HOLMES: When Bob Dylan’s ‘Time Out of Mind’ came out in the autumn of 1997, I was 20 years old and starting my junior year of college. We were consuming music at a furious pace back then and constantly on the hunt for new inspiration. I’d not really been into Bob Dylan up to that point, but the rave reviews for what at the time seemed like Dylan’s potential swan song had me interested. Even at 20, I was impressed and curious that a 56-year-old who had seemed washed up could produce a late-period masterpiece. Ironically, what seemed like his late period at that time has continued on for the ensuing 27 years, delivering at least four more late-period masterpieces along the way. This is the record that got me into Bob Dylan and, while it may not seem like there is any direct influence on American Football, it’s definitely in there. ‘Standing in the Doorway’, a languorous, nearly eight-minute break-up song, manages to somehow be more lovely than sad; the grit and resignation in Dylan’s vocal delivery keep it from ever edging into maudlin. Upon hearing the record, I instantly fell in love with this song and would listen to it on repeat, trying to figure out the trick of how an eight-minute pedal steel and organ-driven half-time 6/8 shuffle never got boring. The lyrics were heartbreaking at times, but the overall vibe managed to deliver a mostly optimistic feeling. Picking up my guitar tuned to an open E major for ‘The One with the Tambourine’, I soon discovered a technique that we would use to great effect on much of LP1: setting a major or major 7 or 9 against sad lyrics (see ‘Never Meant’, ‘Stay Home’, ‘For Sure’, ‘The Summer Ends’, basically the entire record).
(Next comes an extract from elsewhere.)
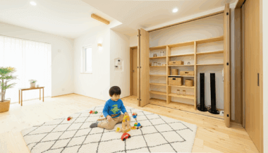 - ・0歳期(安全確保):細々したおもちゃは、造作の扉付き収納内に、さらにフタ付きのボックスに入れて二重ガードをしましょう。リビングで使うのは大型のソフトトイなどに限定します。
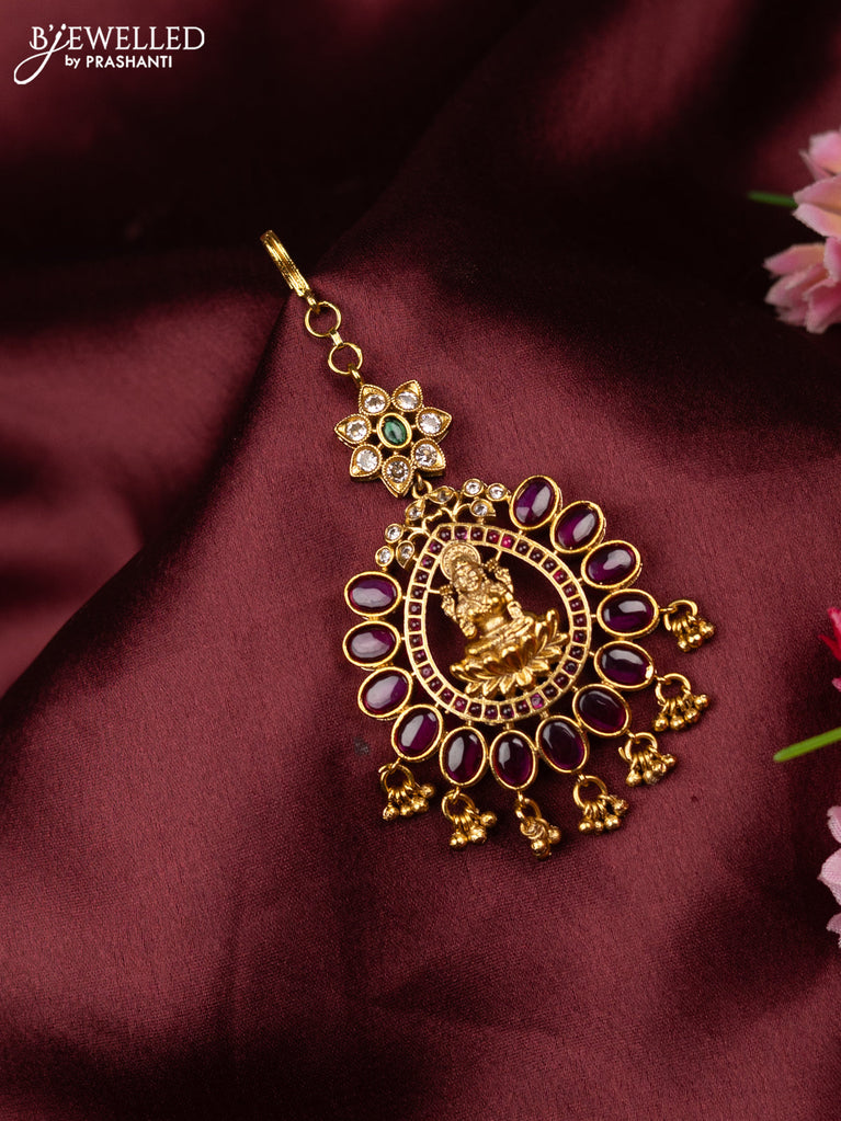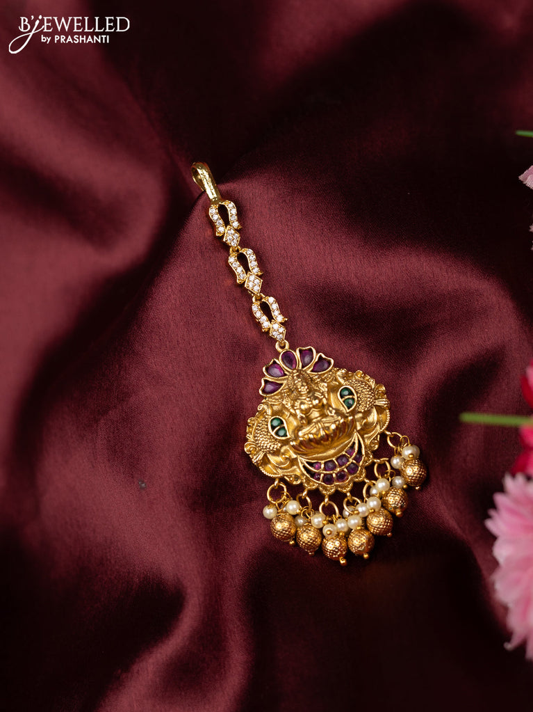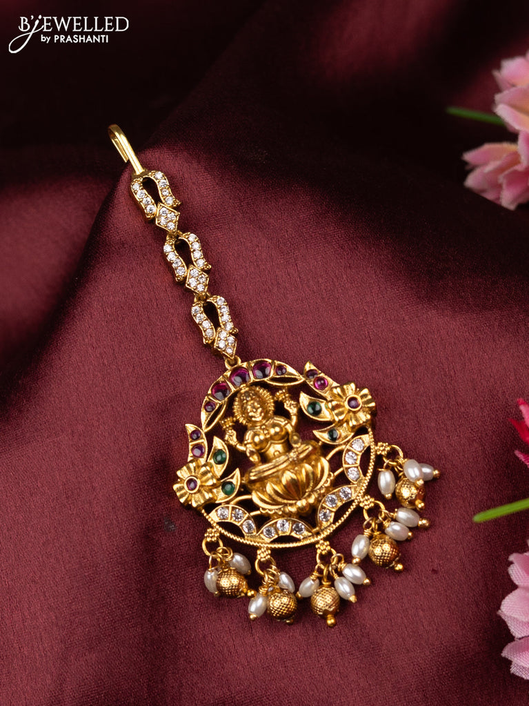 Antique maang tikka lakshmi design with kemp & cz stones and pearl hangings

Tom Waits – Come On Up to the House [Mule Variations, 1999]  

HOLMES: Tom Waits’ brilliant album ‘Mule Variations’ came out in the spring of 1999, just a month before we would head into the studio to record our first album. This was my introduction to Tom Waits, and as he is an acquired taste, I was mostly not ready for it at the time. But this one song stuck with me, and I dubbed it to cassette after borrowing the album from a friend. I can’t help but think this song may have subliminally influenced our choice of album artwork, as we picked a photo of a nondescript little house a block over from where Mike and I lived. Tom Waits was 49 when he recorded ‘Mule Variations’, another late-period masterpiece that would bring new waves of fans on board for the next phase of his career. As we near that age ourselves, I can’t help but continue to take inspiration from artists who were making some of the best music of their careers in their 40s, 50s and beyond.

Taken from the November 2024 issue of Dork. American Football’s albums ‘American Football (25th Anniversary Edition)’ and ‘American Football (Covers)’ are out 18th October.